La eficacia de la RT para inhibir el estrés oxidativo inducido por LPS en las células U-87 fue evidente en nuestro estudio. RT 1 × 10 −12 y 1 × 10 −15diluciones redujeron el porcentaje de células ROS positivas y también disminuyeron la expresión de citoquinas proinflamatorias (TNF-α, IL-1β, IL-6 e IL-10) junto con una disminución En los niveles de SOD y catalasa. Estos hallazgos significan el potencial in vitro de las ultra diluciones de RT para proteger las células neuronales del estrés oxidativo inducido. Dos Santos et al . 19 ha informado que la actividad antiinflamatoria de la RT es máxima cuando su dilución homeopática corresponde a 1 × 10 −12.La dilución se probó contra el edema de pata inducido por carragenina en ratas.

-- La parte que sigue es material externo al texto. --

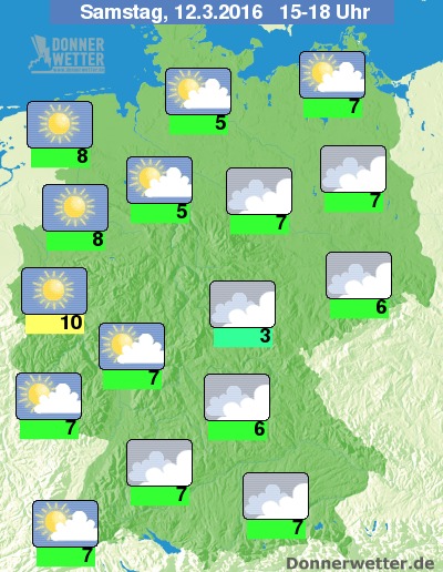 Am Sonntag im Norden und Westen oft heiter bis sonnig und trocken, sonst häufig stark, teils aufgelockert bewölkt und weitgehend trocken, 5 bis 10 Grad.

Se encontró un patrón similar de eficacia máxima en nuestros estudios anteriores sobre RT, donde evaluamos su efecto antiinflamatorio, inmunomodulador y antiartrítico 21 , 22 , 23 , 24 . Los presentes hallazgos in vitro que indican la efectividad de la RT para reducir el estrés oxidativo y la liberación de citoquinas proinflamatorias concuerdan con estos informes.
A lo largo de los 14 días posteriores a la cirugía con ICC, las ratas mostraron síntomas de comportamiento característicos del dolor neuropático similares a los síntomas clínicos. El umbral de retirada de la pata (PWT) y la latencia de retirada de la pata (PWL) contra los estímulos mecánicos y térmicos se utilizaron para la determinación del dolor neuropático. El tratamiento de RT efectivamente elevó estos umbrales de dolor, lo que indica la reducción de las sensaciones de dolor neuropático. En línea con los datos publicados que indican las actividades antiinflamatorias 22 y analgésicas 26 , nuestro estudio demuestra que la RT también reduce eficazmente el dolor neuropático.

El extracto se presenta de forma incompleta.